■ Items listed in a dataset
┌──

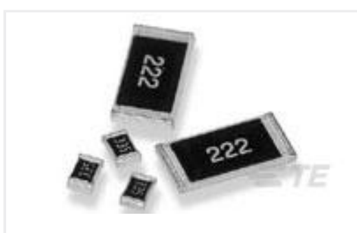
TE 产品编号4-1879377-0 CRGH0805 5% 39R 0.33W
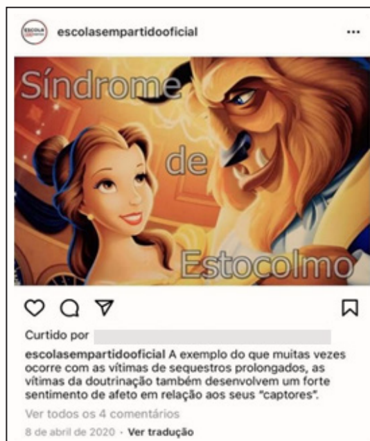
Figura 3 Síndrome de Estocolmo
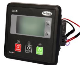
Tableau SCO 5
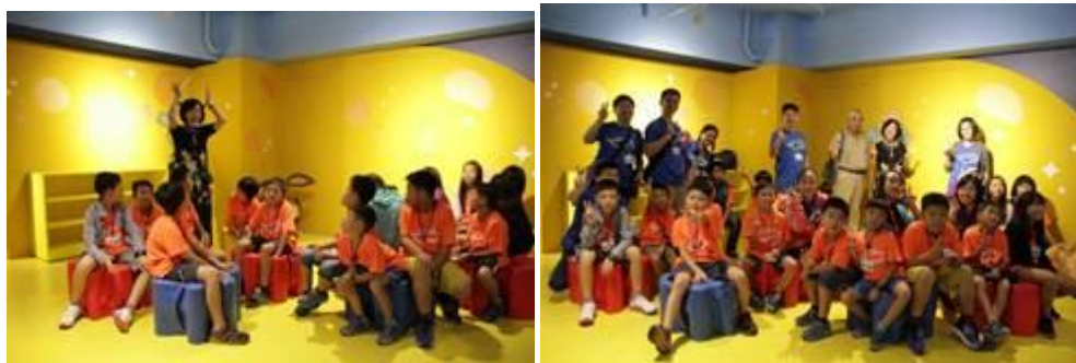
圖 3-4 圖說，溪尾國小學童體驗世界宗教博物館「愛的星球」新科技與動畫多媒體互動，相當投入。（圖由世界宗教博物館提供）

圖 1-2 圖說，台中偏鄉小校溪尾國小學童開心參觀世界宗教博物館「愛的星球」展區。（圖由世界宗教博物館提供）
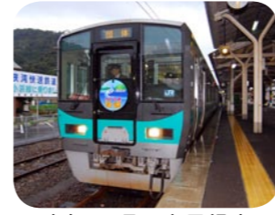
昨年11月、市民提案の1つ「わかさ路快速」が運転されました
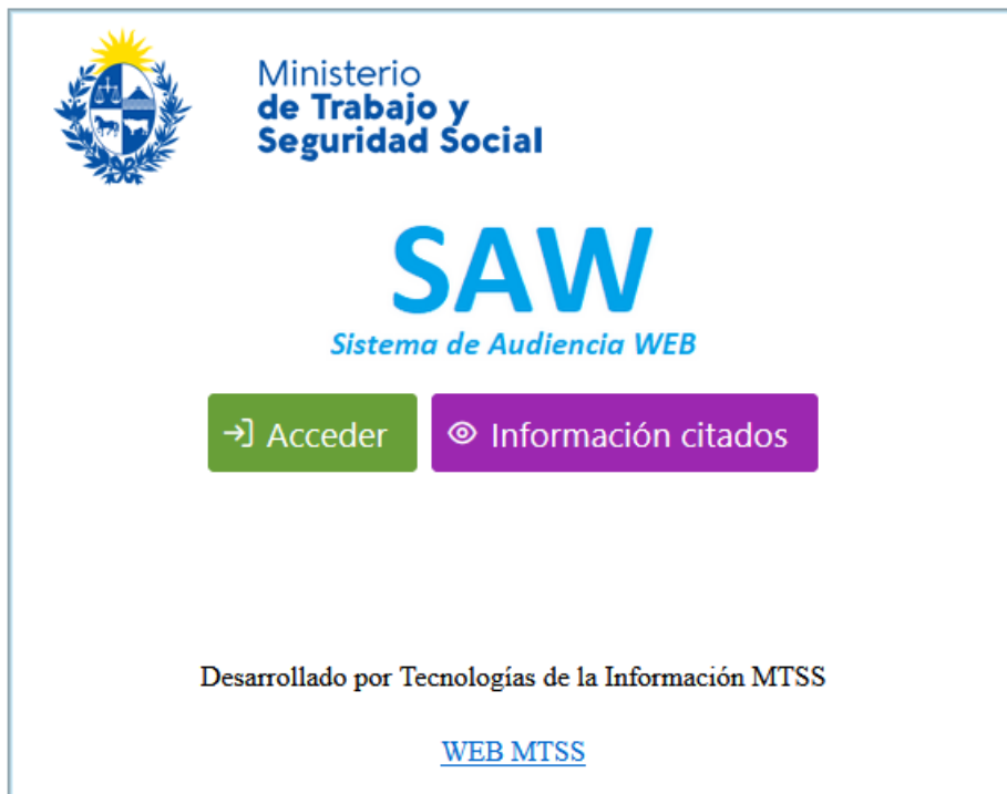
Figura 1 – Pantalla de acceso

En la pantalla de acceso, se deberá elegir la opción Acceder a los efectos de solicitar y gestionar solicitudes de audiencia.
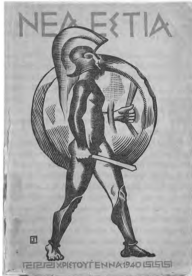
Τὸ ἐξώφυλλο τῆς Νέας Ἐστίας τῶν Χριστουγέννων τοῦ 1940 μὲ ξυλογραφία τοῦ Τάσσου, ποὺ εἰκονίζει ἀρχαῖο Ἕλληνα ὄπλιτη.
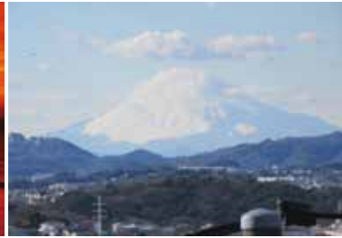
③ 防衛大学校に上がる坂
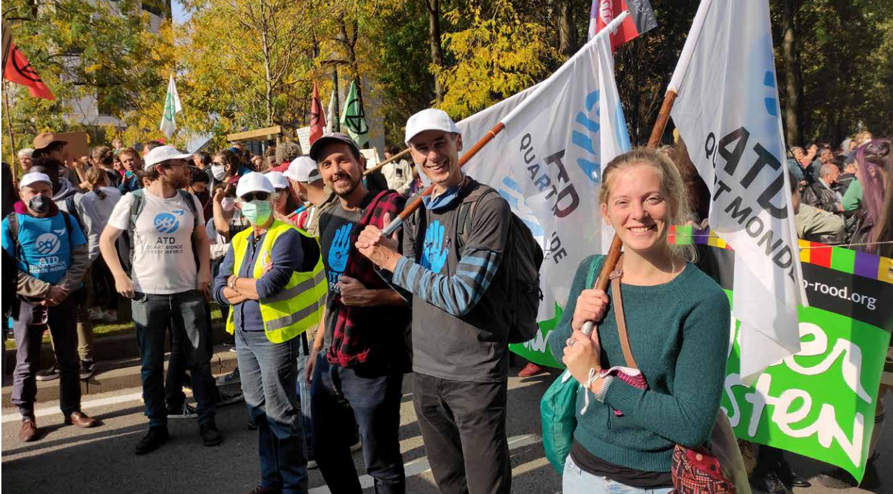
▲ Een delegatie van ATD Vierde Wereld op de klimaatbetoging van 10 oktober
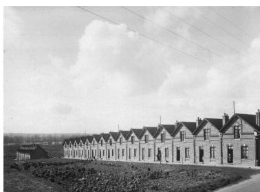
La cité Neuve vers 1937.
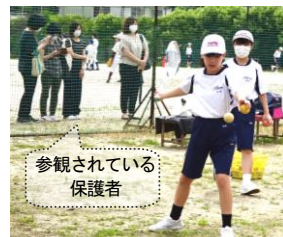
参観されている保護者
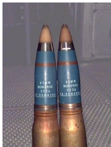
Cartridge 57mm Non-Frag Brown Band Low Explosives
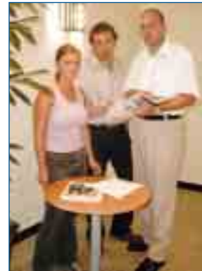
Technischer Service und Beratung in allen Vertragsfragen gehören bei der GE-WO dazu

reibungslos. Mitglied der GE-WO wird man, indem man Anteile erwirbt. Man füllt einen Bewerbungsbogen mit seinem Wohnungswunsch aus – und dieser Wunsch wird ohne allzu lange Wartezeit wahr.

└──

■ Exercise details
Every entry above is to be copied verbatim, with the pictures removed.

■ Expected answer
TE 产品编号4-1879377-0 CRGH0805 5% 39R 0.33W
Figura 3 Síndrome de Estocolmo
Tableau SCO 5
圖 3-4 圖說，溪尾國小學童體驗世界宗教博物館「愛的星球」新科技與動畫多媒體互動，相當投入。（圖由世界宗教博物館提供）

圖 1-2 圖說，台中偏鄉小校溪尾國小學童開心參觀世界宗教博物館「愛的星球」展區。（圖由世界宗教博物館提供）
昨年11月、市民提案の1つ「わかさ路快速」が運転されました
Figura 1 – Pantalla de acceso

En la pantalla de acceso, se deberá elegir la opción Acceder a los efectos de solicitar y gestionar solicitudes de audiencia.
Τὸ ἐξώφυλλο τῆς Νέας Ἐστίας τῶν Χριστουγέννων τοῦ 1940 μὲ ξυλογραφία τοῦ Τάσσου, ποὺ εἰκονίζει ἀρχαῖο Ἕλληνα ὄπλιτη.
③ 防衛大学校に上がる坂
▲ Een delegatie van ATD Vierde Wereld op de klimaatbetoging van 10 oktober
La cité Neuve vers 1937.
参観されている保護者
Cartridge 57mm Non-Frag Brown Band Low Explosives
Technischer Service und Beratung in allen Vertragsfragen gehören bei der GE-WO dazu

reibungslos. Mitglied der GE-WO wird man, indem man Anteile erwirbt. Man füllt einen Bewerbungsbogen mit seinem Wohnungswunsch aus – und dieser Wunsch wird ohne allzu lange Wartezeit wahr.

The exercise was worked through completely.